You know what I was considering before I got dudes new cage.....

Rat cages. They are HUGE and half the price. And the bars are Horizontal. And if you look close you can easily just take the shelves out of it then its just a normal empty cage! They are way cheaper. Made out of the same stuff and half the price ! 
I was going to actually buy one. But then I found dudes cage now and I loved it to much and wanted that instead.


----------



## m&m672 (Jun 4, 2010)

Thanks for the ideas.

Got another question, does anyone have any exprience with Hilo Harbor Cages? I'm looking on 'birdcages4less.com' and they have some attractive looking cages at good prices with free shiping over 50 bucks. I've not heard of them and finding reviews on bird cages are kind hit or miss.


----------



## m&m672 (Jun 4, 2010)

I'm kind of leaning towards this cage.

Hana Hut Dome Top










I'd like something bigger than 20x20 girth, but it has horizontal bars on the side and seems fairly attractive looking and the interior hieght is 38". Cubic inch wise it's roomier than the 24x16 that is 34" high inside.


----------



## dude (Mar 29, 2010)

You can buy that cage here too in australia. I seen it for $160. I love the door that is sooooo big it pretty much opens up the whole cage...lol


----------



## m&m672 (Jun 4, 2010)

Here is another cage I'm looking at. It is an Avian Adventures Protage that I could get for about 150.00 in pearl white. It is 24"x22"x25" (cage height) 51" overall


----------



## dude (Mar 29, 2010)

Yeah ! Get the 2nd one ! Looks much roomier. Height doesn't matter as much as width and length. I like that one better ! Looks better too. Just my oppinion...lol.
In white it would look awesome ! I love that cage ! I want it !!!


----------



## m&m672 (Jun 4, 2010)

I'm kind of liking the second one better as well. I'm still looking though....


----------



## m&m672 (Jun 4, 2010)

Well I decided to go with the Avian adventrues from Petco online. They had it for 149 with free shipping and a little internet search netted me a 10% promotional code which got it down to 135.

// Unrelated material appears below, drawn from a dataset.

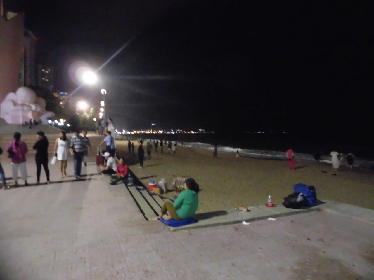 ニャチャンセンターからこちらまで海岸を散歩しながら来ましたが、夜、海岸を散歩している人が多いです。一応、冬にあたる12月で日中は30度くらい、夏はもっと暑いでしょうから、夜、活動している人が多いのでしょう。市場自体はたいしたことはないですが、人でごった返しています。

At least they have easy in store returns if I don't like it, just gotta drive 2 hours to get to one though.


----------



## Karine (May 28, 2010)

Hagen vision cage L11 has all 4 sides with horizontal bars. It runs for 139.99 or I have seen it on eBay for about 128.00 free ship. It is a 30 inches wide cage!!


----------



## m&m672 (Jun 4, 2010)

I contemplated that cage for awhile, in the end I wanted something deeper. But I did like the fact that is had horizontal bars all the way around.


----------



## roxy culver (May 27, 2010)

Ah but its a roomier cage and that's all that matters! And you got a good deal on it!


----------



## spraymillet (Mar 2, 2010)

My dad almost bought me a giant size dog kennel and was going to put some sort of netting/wire suitable for birds over it because we couldn't find a cage big enough. at 150-300$ that might not have been a bad idea, some of those kennels were HUGE


----------